Русская идейная жизнь отстала, застоялась, прямо страдает от того, что фактически в ней, в смысле влияния, господствуют элементы, которые не понимают того, что можно назвать самозаконностью мысли. Мысли в русском культурном обиходе, которым заправляют эти элементы, по-прежнему расцениваются по их общественной полезности или, что́ то же, по их общественной «направленности» или даже прямо в связи с общественно-политической физиономией автора. Вот пример, весьма любопытный и весьма показательный. В последней книжке Заветов напечатана статья г. Александра Гизетти по поводу книги кн. Е. Н. Трубецкого о Владимире Соловьёве. Статья эта интересна с двух точек зрения. Во-первых, в ней обнаруживается, как, вопреки тому отношению, которое установили к Владимиру Соловьёву Михайловский[450] и Лесевич, на историческом расстоянии даже наша «радикальная» мысль прониклась известным признанием Вл. Соловьёва и уважением к нему.
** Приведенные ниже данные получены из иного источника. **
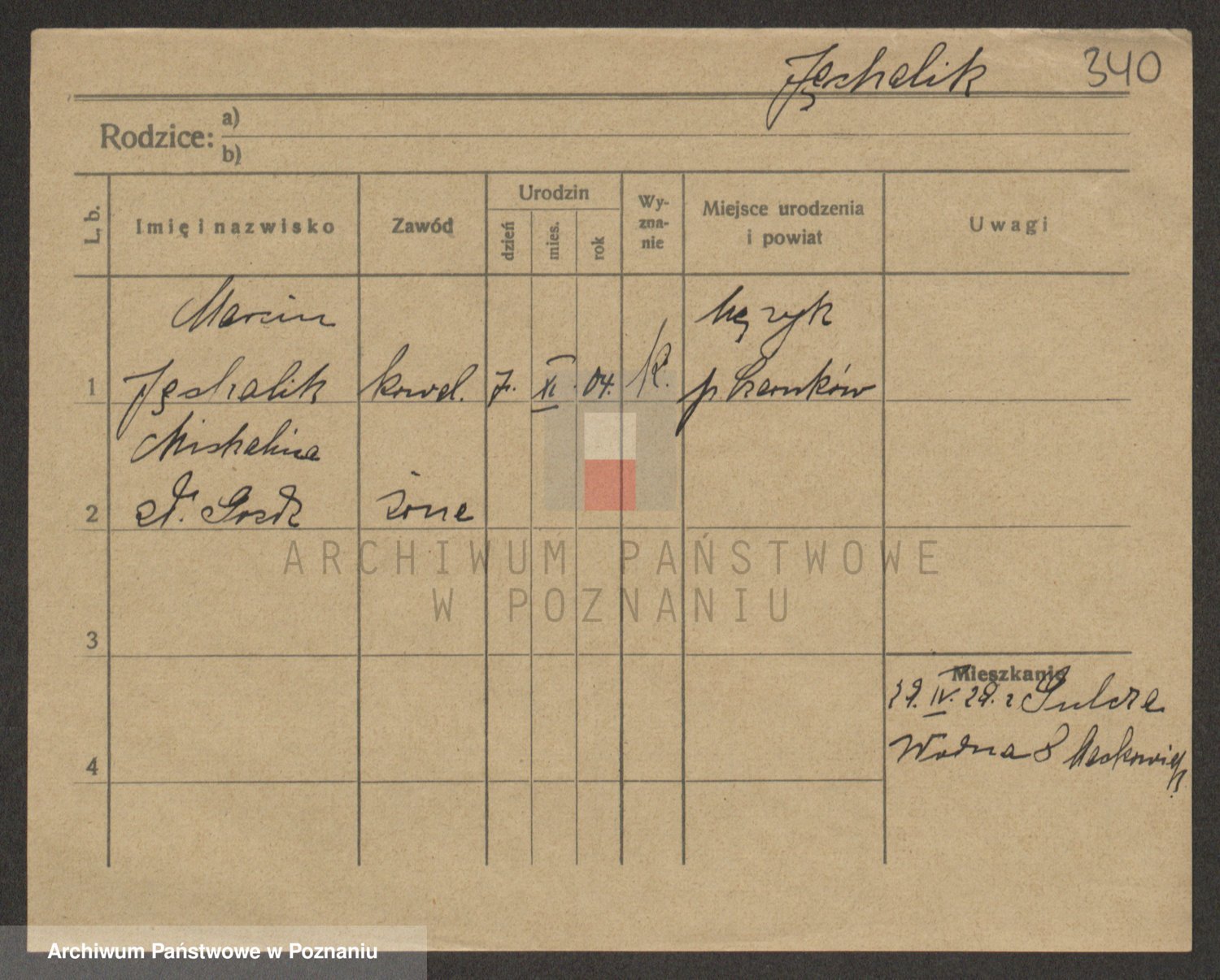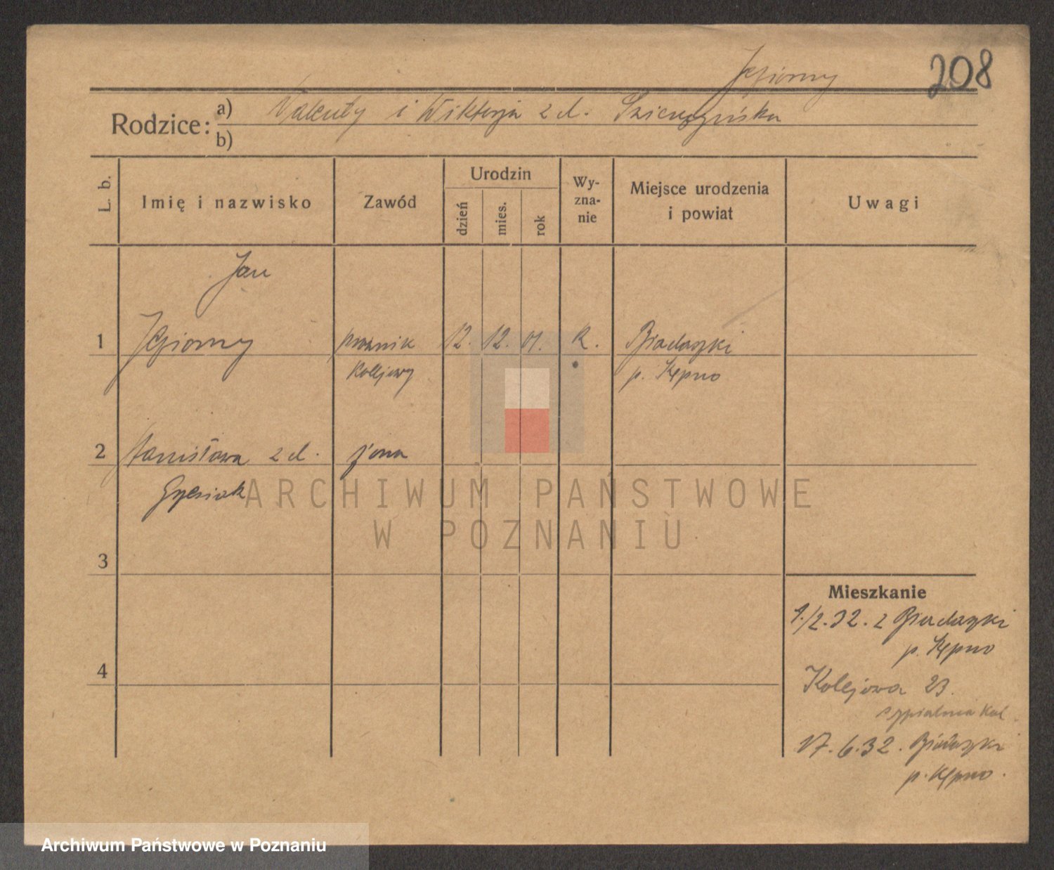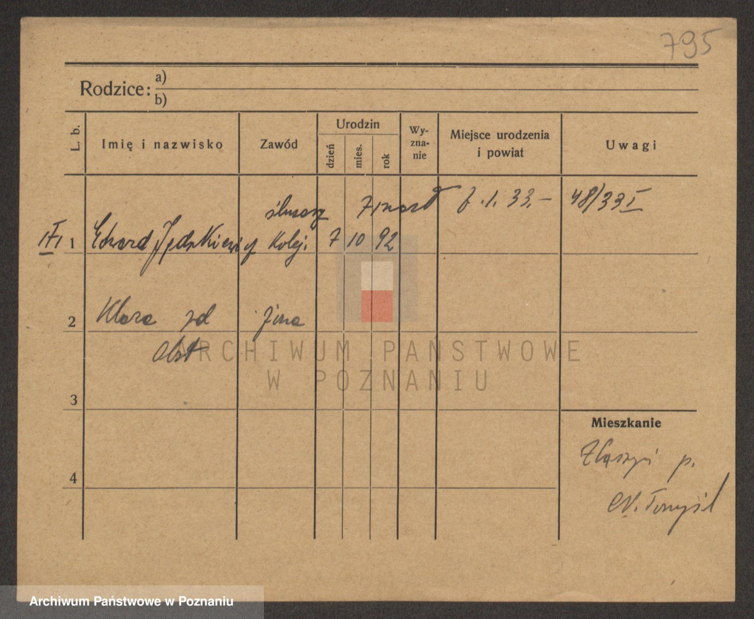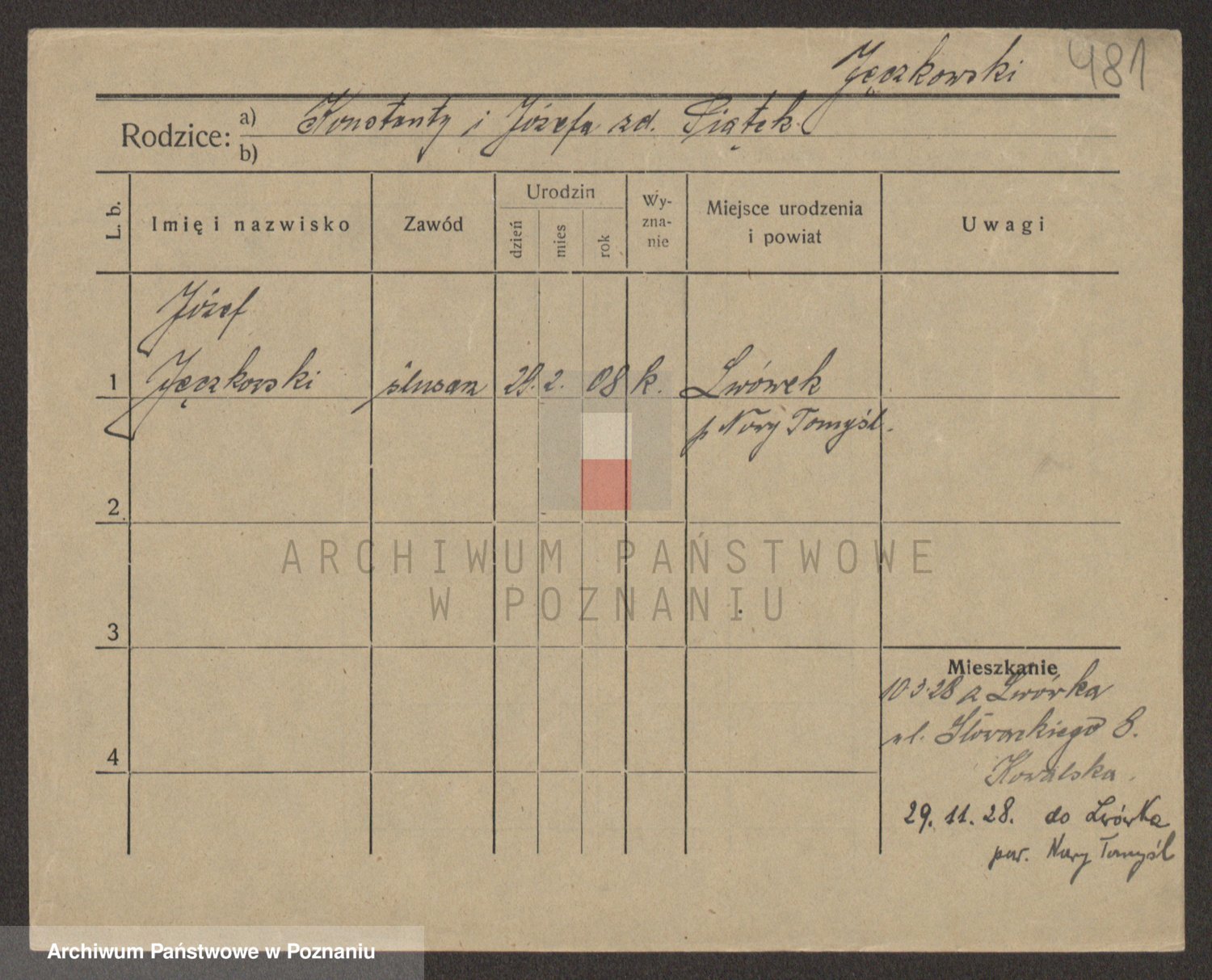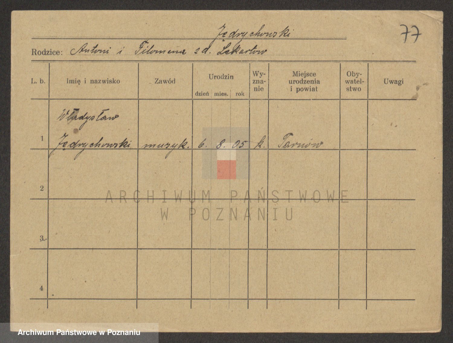 Podgląd karty osobowej dostępny jest po kliknięciu na nazwisko lub ikonkę karty. Można dokonywać powiększenia (ikony na górze) lub przechodzić między kolejnymi skanami (strzałki po bokach).
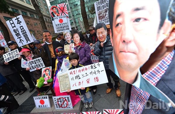미래지향적인 한일관계 형성을 위해 과거사에 대한 진정성 있는 사죄를 요구했다.또 일본 아베 총리, NHK 모이이 회장, 에토 세이이치 참의원 등의 가면을 쓰고
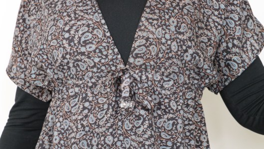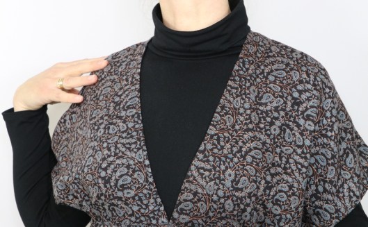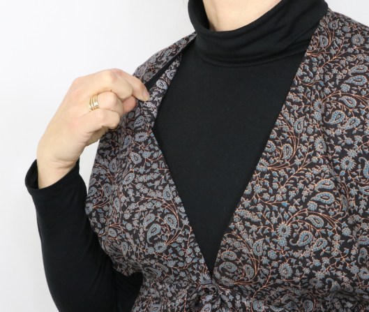 Le décolleté de cette tunique est très plongeant, port d’un débardeur obligatoire l’été ou d’un sous-pull en saison hivernale comme ici !
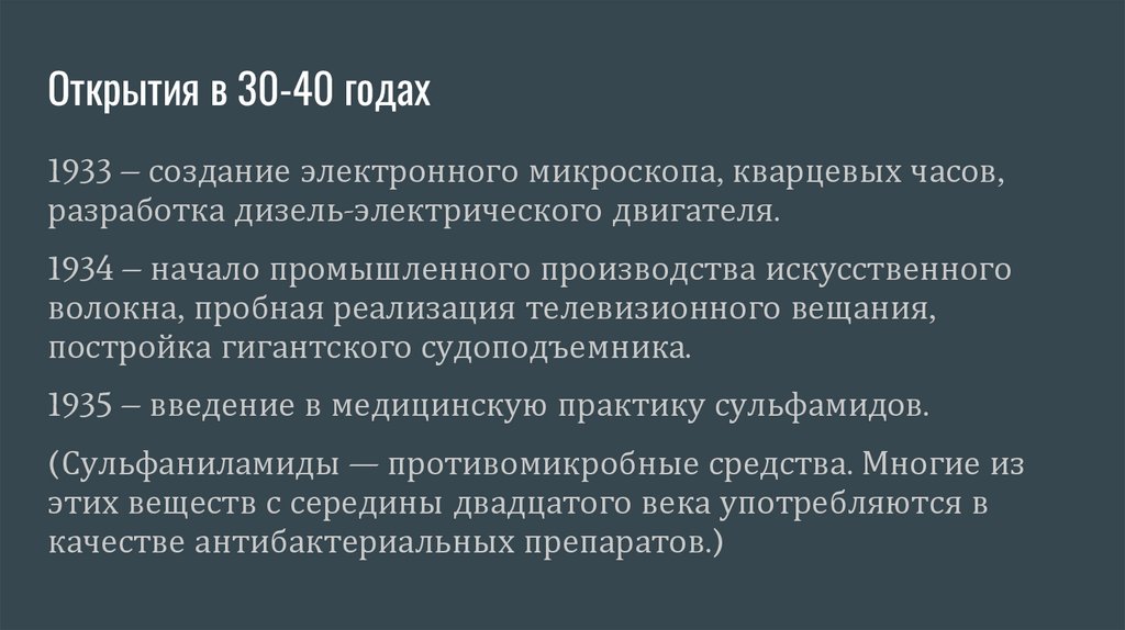 Открытия в 30-40 годах1933 – создание электронного микроскопа, кварцевых часов,
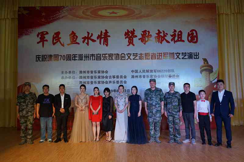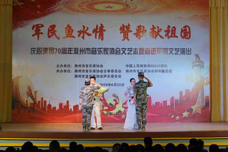 6月23日,由市文联音协、解放军66220部队主办,市音协古筝委员会、钢琴委员会、声乐委员会承办的“军民鱼水情 赞歌献祖国”——庆祝中华人民共和国成立70周年滁州文艺志愿者进军营文艺慰问演出在部队大礼堂隆重上演,在共同庆祝祖国母亲的生日的同时,为驻滁部队官兵送上精彩的文艺演出,表达滁州人民对子弟兵的一片深情。
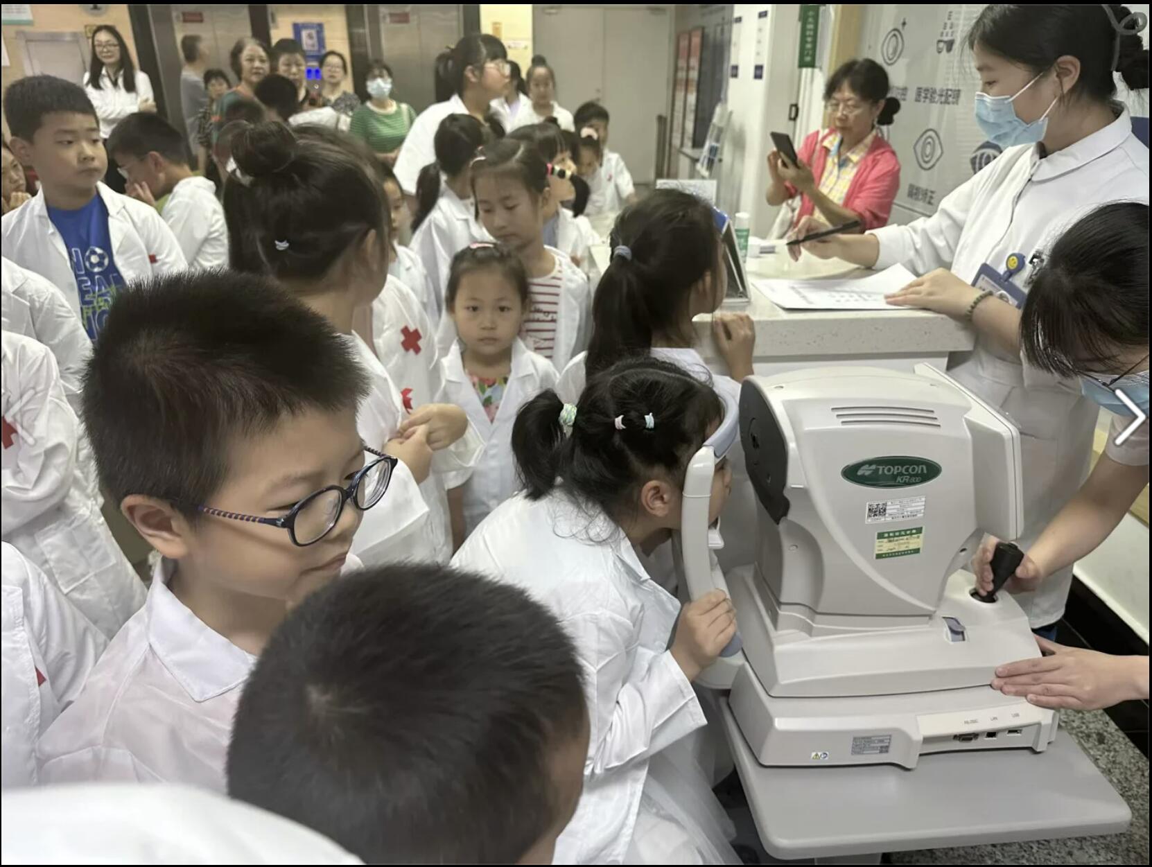 眼科医生先给小朋友们讲解眼睛的构造,讲解什么是近视,由此普及正确的用眼、爱眼、护眼的方法,现场用互动的方式,让小朋友们认识并且养成良好用眼习惯,现场医生也讲解了读写的正确姿势和眼保健操的正确做法。听完眼科健康知识讲座,小朋友们跟着医生学习如何检测视力,通过操作不仅了解到自己的眼睛视力和现状,同时更直观地意识到爱眼护眼的重要性。
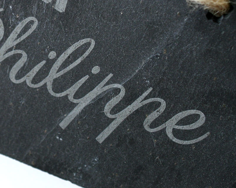 Ardoise naturelle découpée à la main suspendue par une corde rustique.
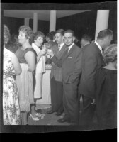 802. EAP449/2/12/802 Reference (shelfmark): EAP449/2/12/802 Title: A young woman wearing a white dress with a man wearing a white shirt, black suit coat, and hat in the foreground of a party. Collection Area: Endangered Archives Programme Languages: Not applicable Date Range: 2nd half od the 20th century Extent: 1 TIFF image
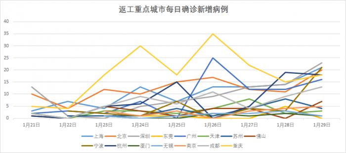 从1月20日-29日监测数据看,15个返工重点城市每日确诊新增病例统计情况显示,杭州、重庆、广州、深圳每日确诊新增病例波动较大。
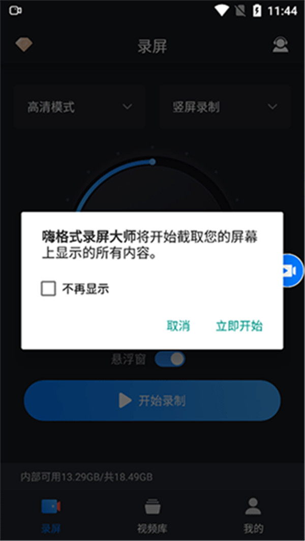 3.这款软件的操作十分简便,仅需一键式操作就能启动录屏功能。
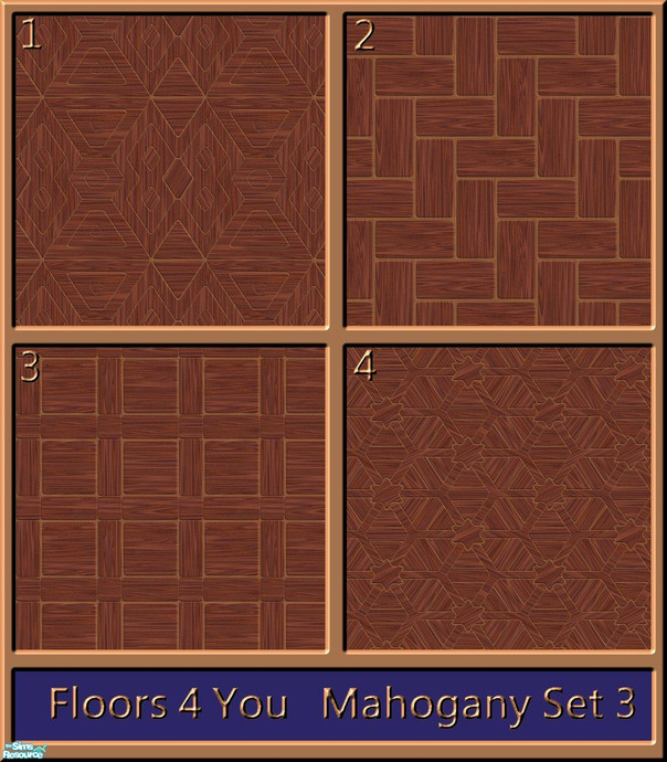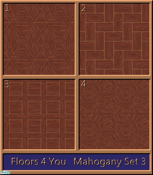 This is the third set in Mahogany Wood in my range of wooden floor tiles called \'Floors 4 You\'. There will be 4 sets in Mahogany Wood. This set contains 4 various patterns and styles to suit all. All tiles are seamless

Но то, что в писаниях Михайловского против Соловьёва присутствовало в непривлекательной гротеске, — то в смягчённой благоприличной форме всё-таки воспроизводит статья ученика Михайловского г. Гизетти, — уже в отношении не столько самого Соловьёва, сколько кн. Трубецкого. Г. Гизетти, разбирая книгу Трубецкого, никак не может отрешиться от мысли, что кн. Трубецкой — «умеренный либерал-политик», «европеизированный национал-либерал». Точно это существенно для «имманентно-критической» оценки философских рассуждений кн. Трубецкого и точно вообще для философской мысли в её существе важны политические, или общественные идеи автора!

На этом примере вполне ясно, как, даже прошедший некоторую философскую выучку и преодолевший былую полемическую невоспитанность своих учителей, наш новейший радикализм не способен понимать и ощущать самозаконность человеческой мысли. От статьи молодого автора веет каким-то старчеством. Нет сильного темперамента Михайловского, но есть некоторые весьма плохие приёмы его мысли.

Наши «направления» сели на мель, потому что они мелко плавают и боятся глубоких вод, потому что у всякой мысли они разными способами разыскивают её общественную окраску и по ней произносят свой суд.

В частности, это приём грубо неверный и, да позволено будет так выразиться, мелкотравчатый даже и по отношению к воззрениям так называемым общественным. Сколько ценных мыслей были просмотрены и на многие годы оставались неиспользованными из-за того, что они расценивались именно этим жалким способом, не «по существу», а по своим общественно-психологическим придаткам.

Г. Пешехонов, констатируя застой мысли, говорит о том, что «в идейное возбуждение», «всё общество» может быть приведено лишь «идейной борьбой… внутри самой интеллигенции», и напоминает о той роли, которую «сыграла… в пережитом страною подъёме… борьба марксизма и народничества», начавшаяся в маленьких кружках[451].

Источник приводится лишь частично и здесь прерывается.